S: Well what we try to do or we have been doing really for the last over a decade now with over now 500 organizations we work across in a large spectrum in over 70 countries, because honestly Neal this problem and challenge is it doesn’t know any borders, right? Because humans are humans no matter where we go on the planet. And so what we’re trying to help organizations do is number 1: realize that human error is inevitable. We cannot discipline or punish our way out of this problem. So what instead we’re doing in helping organizations do is helping them to do, number 1 design better systems of care with the human factors in mind. And there’s a very comprehensive body of evidence on how to do that. And other industries have actually embraced this more light sprint than healthcare imagine that. Other high risk industries like aviation, nuclear power, and the military for instance. And so that’s the one part, yeah and then I think second with that I’ll tell you Neal, one of the other key part of that is to achieve better outcomes really which is to prevent this preventable errors from occurring, is also helping organizations understand how to help their healthcare professionals, staff, leaders make better choices each and every day as it relates to the continuum of care. So along with those safer systems and better designed system is also making better choices. Those choices that are directed more at really focused on the patient and their experience of care more so than our own personal choices if you will, that make things better for us but not necessarily better for the patients.

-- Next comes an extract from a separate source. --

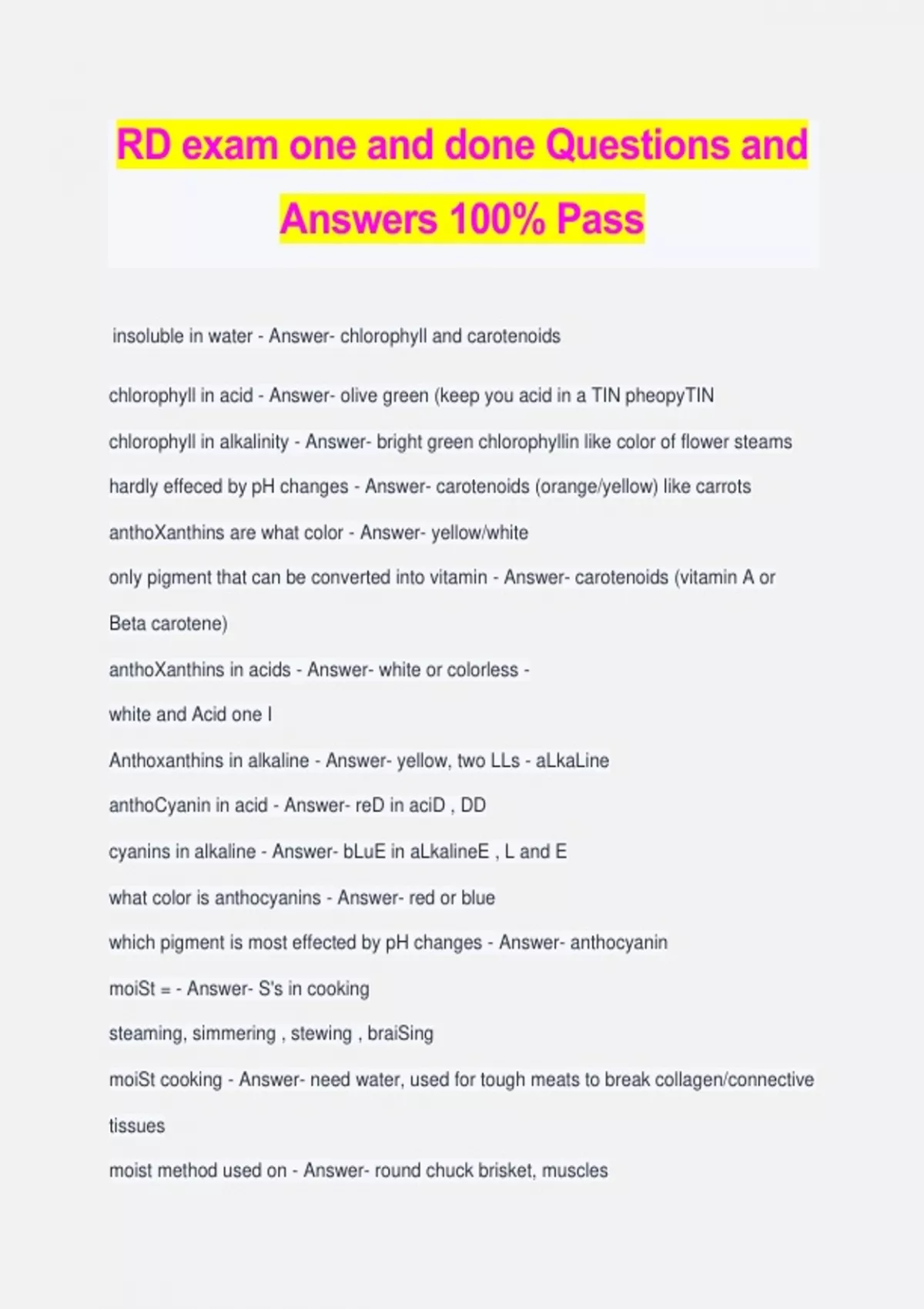 RD exam one and done Questions and Answers 100% Pass insoluble in water - Answer- chlorophyll and carotenoids chlorophyll in acid - Answer- olive green (keep you acid in a TIN pheopyTIN chlorophyll in alkalinity - Answer- bright green chlorophyllin like color of flower steams hardly effeced by pH changes - Answer- carotenoids (orange/yellow) like carrots anthoXanthins are what color - Answer- yellow/white only pigment that can be converted into vitamin - Answer- carotenoids (vitamin A or Beta carotene) anthoXanthins in acids - Answer- white or colorless - white and Acid one I Anthoxanthins in alkaline - Answer- yellow, two LLs - aLkaLine anthoCyanin in acid - Answer- reD in aciD , DD cyanins in alkaline - Answer- bLuE in aLkalineE , L and E what color is anthocyanins - Answer- red or blue which pigment is most effected by pH changes - Answer- anthocyanin moiSt = - Answer- S's in cooking steaming, simmering , stewing , braiSing moiSt cooking - Answer- need water, used for tough meats to break collagen/connective tissues moist method used on - Answer- round chuck brisket, muscles chuck makes me moist when he takes off my bra - Answer- chuck meats best if braised which is a moist method DRy= R's in cooking - Answer- yes dry cooking methods - Answer- no water, usde for tender cutes near the backbones dry meats - Answer- lion, sirloins, etc Frying, Broiling, grilling, roasting - Answer- dry methods frying - Answer- highest smoke point, rancidity of fat involves unsaturated FA broiling - Answer- radiated heats roasting - Answer- carry over cooking from oven to counter phytochemicals and functional foods - Answer- naturally occuring compounds in fruit, veggies, whole grains, etc to PHYT off diseases iSOflavones - Answer- soy foods (help lower cholesterol ex. tofu thiols (aka indoles) - Answer- cruciferous vegetables (helps detoxify carcinogens) ex. brussel sprouts, onion, garlic, broccoil --> acidic and bitter lignans - Answer- whole grains (helps breast cancer)

N: You’ve been listening to Health Professional Radio, I’m your host Neal Howard. In studio today we’ve been talking with Mr. Stephen Powell. He’s the CEO and President of Synensis, he’s an international patient safety culture expert and a recognized safety and quality leader who leverages the power of safety culture to drive results, develop high reliability teams, accelerate quality improvement and reduce medical errors. And he’s been involved in human factors education and team work training in the United States Navy, the Commercial Airline Industry and the Healthcare Industry for over 25 years. And he’s been with us today talking about some of the reasons that preventable medical errors still occur and some of the ways that his company is helping to stem the tide of convertible medical errors that often end in fatal results. It’s been great talking with you today Stephen.
S: Thank you Neal. I really appreciate the opportunity to talk and speak with your audience as well.